L’evoluzione secondo etica e scienza

Di Massimiliano Fanni Canelles

L’età sempre più avanzata in cui si decide di intraprendere una gravidanza, l’inquinamento ambientale che riduce la fertilità ed il progresso scientifico nella diagnosi prenatale sono i fattori che inducono una coppia ad avvicinarsi al mondo della medicina riproduttiva. In questo settore, in particolare nella procreazione assistita, le tecniche divenute più familiari al grande pubblico sono la fecondazione in vitro (FIVET), l’iniezione intracitoplasmatica dello spermatozoo (ICSI) e l’inseminazione intrauterina (IUI).
In Italia, queste procedure sono disciplinate dalla legge 40, entrata in vigore nel 2004. Essa ammette il ricorso a questa specialità medica in caso di «problemi riproduttivi derivanti dalla sterilità o dalla infertilità umana (…) qualora non vi siano altri metodi terapeutici efficaci per rimuovere le cause di sterilità o infertilità (…) finalizzata ad un unico e contemporaneo impianto, e comunque non superiore a tre».
La stessa fonte vieta il ricorso alla fecondazione eterologa (donatore esterno) e l’utilizzo dell’embrione per sperimentazioni. E’ consentito un unico e contemporaneo impianto di non più di tre embrioni ed è proibita la conservazione degli stessi tramite crioconservazione. E’, inoltre, vietata la selezione dell’embrione sano anche nei casi di possibili malattie ereditarie.
In seguito ad un acceso dibattito etico-scientifico, questi ultimi punti sono stati dichiarati illegittimi dalla Corte Costituzionale. Una sentenza della Corte europea per i Diritti dell’Uomo ha inoltre stabilito che consentire per legge alle coppie sterili di ricorrere alla fecondazione in vitro eterologa non viola più la Convenzione europea dei Diritti dell’Uomo. A causa di questi interventi successivi, la 40 risulta oggi confusa, foriera di conseguenze inapplicabili e fonte di imbarazzo nei centri specialistici di medicina della procreazione.
Da sempre la procreazione assistita è osservata attentamente a causa dei rischi sanitari a cui sono esposti la madre ed il feto. Questi si riconducono alla sindrome da iperstimolazione ovarica ormonale, trattabile con adeguate indicazioni specialistiche. Molta attenzione è stata invece posta ai risvolti etici e morali di tali procedure, le quali coinvolgono la natura stessa dell’essere umano ed il concetto di vita.

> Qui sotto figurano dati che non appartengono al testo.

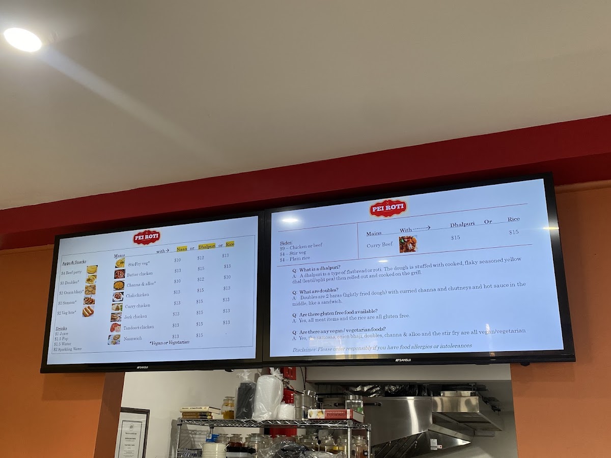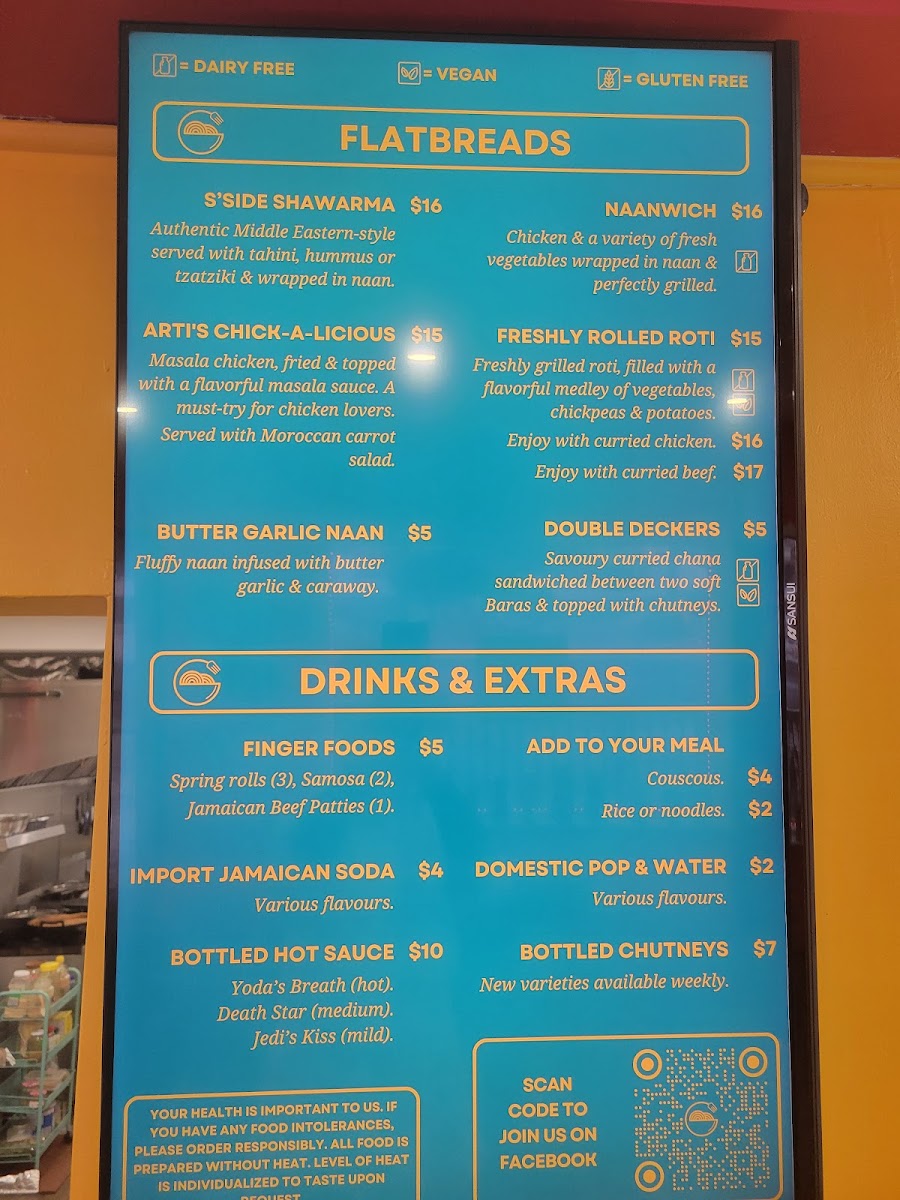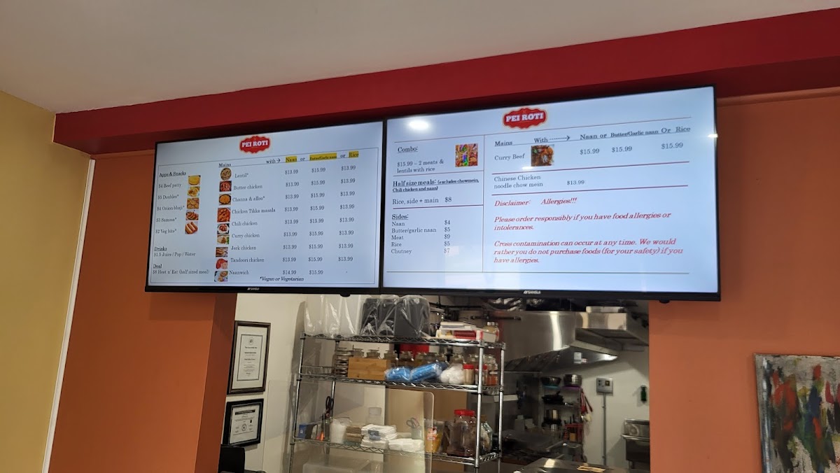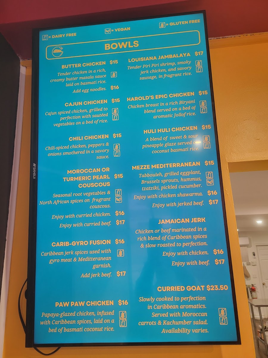 From a reviewer’s perspective, the menu at Pei Roti Food Fusion offers a compact yet flavorful selection that leans heavily into bold, globally inspired comfort food. The bowl options stand out, with hearty choices like BUTTER CHICKEN, CAJUN CHICKEN, CHILI CHICKEN, LOUISIANA JAMBALAYA, and HAROLD'S EPIC CHICKEN, each suggesting rich seasoning and satisfying portions. The flatbread section adds even more variety, featuring creative items such as S'SIDE SHAWARMA, ARTI'S CHICK-A-LICIOUS, NAANWICH, ISLAND FUSION BURGER, and FRESHLY ROLLED ROTI, all of which highlight the restaurant’s fusion concept. To round things out, the menu includes extras like FINGER FOODS, BOTTLED CHUTNEYS, and sides like Couscous, along with beverage options such as IMPORT JAMAICAN SODA and DOMESTIC POP & WATER. While pricing details aren’t listed, the diversity and creativity of the dishes make the menu feel both approachable and exciting, leaving a strong impression of a place that prioritizes bold flavors and cultural variety.

In qualità di Presidente del Comitato Italiano Progetto Mielina, che si occupa di malattie rare neurologiche, desidero soffermare l’attenzione su un punto attualmente molto sentito e contemporaneamente contestato: mi riferisco all’ipotesi in cui i genitori siano potenzialmente portatori di malattie genetiche e desiderino per i propri figli una vita degna di essere vissuta.
In ciò assume notevole rilievo la Diagnosi Genetica Preimpianto (PGD), una procedura in cui gli embrioni prodotti con tecniche di Procreazione Umana Medicalmente Assistita (PMA) vengono analizzati e selezionati dal punto di vista genetico prima di essere trasferiti all’interno dell’utero materno.
Attualmente, nei casi in cui esista il rischio di una patologia genetica in capo al nascituro, si prevede la possibilità di eseguire la villocentesi (CVS) o l’amniocentesi. Si tratta di tecniche diagnostiche entrambe largamente utilizzate, ma possibili solo quando il feto si è già sviluppato nell’utero. In caso di riscontro positivo della malattia ereditaria, le coppie possiedono – quale unica alternativa – la scelta di interrompere la gravidanza o portarla comunque a termine. La PGD consente, invece, la selezione degli embrioni esenti dalla patologia. Evita, pertanto, che venga impiantato l’abbozzo cellulare malato il quale, in seguito, formerà l’embrione ed il feto.
Come Uomo, come cattolico, come cittadino, mi domando se sia più etico permettere di bloccare una vita esattamente come avviene nella contraccezione da spirale intrauterina – che impedisce l’impianto dell’embrione – oppure costringere all’aborto terapeutico, quando ormai braccia, testa ed organi interni, quali il cuore ed il cervello, si sono già sviluppati. Penso sia evidente come una legge che obbliga in tal senso possa considerarsi un’offesa all’intelligenza e alla dignità umana.